In recent months he got a job as a security guard at a high school, where they let him live. But he is not comfortable. “She resists accepting her reality. So much so that he does not allow himself to be helped, despite the fact that he has a mobility problem and a skin injury”, details Martha Adriana Sandoval. “He has a family, but they support him very little”.
Old age
The reality of old age has come upon Mexico. The aging of the population was seen by State policies as a projection into the future. It was not until last October, when for the first time the Ministry of Health recognized that its population is rushing to third age.
“Currently there are more older adults than children under five years old,” said Jorge Alcocer Varela, head of the agency, who warned that these population changes “have important economic and social repercussions.”
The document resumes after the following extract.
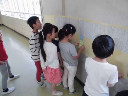 国語科で、連休中にしたことや見たことを題材に、ニュースを書きました。読む人が知らなかったことを伝えることのできる題材を選び、自分の体験とその感想を2つの文で書きました。特に、感想を詳しく書くことに気を付けながら、文章を考えました。書き終った作品は時系列で掲示し、互いに読み合いました。また、読んだ感想を一言ずつ付箋に書いて、友達のニュースの下に貼りました。何枚も意欲的に書いている子がたくさん見られました。

According to the last National Population Census, in the country there are 14. 5 million older adults who represent the 11% of the total population and the forecast is that the proportion of people older than will continue to increase years. By the end of this decade, the number of older adults will be greater than that of minors 15 years.
Deported migrants are added with disadvantages. It is the civil organizations that help explain the processes for basic procedures such as the voting card with a photograph that serves as identification, the passport. Those that track possible employment opportunities, social support such as pantries, etc.
José Francisco Falcón, from 66 years, have been looking for a job since returning from the United States, where he lived 13 years. He is not unfamiliar with the Mexican system, but he was surprised by the lack of opportunities for older people.
“I left because I lost my job and now it’s worse”, he says.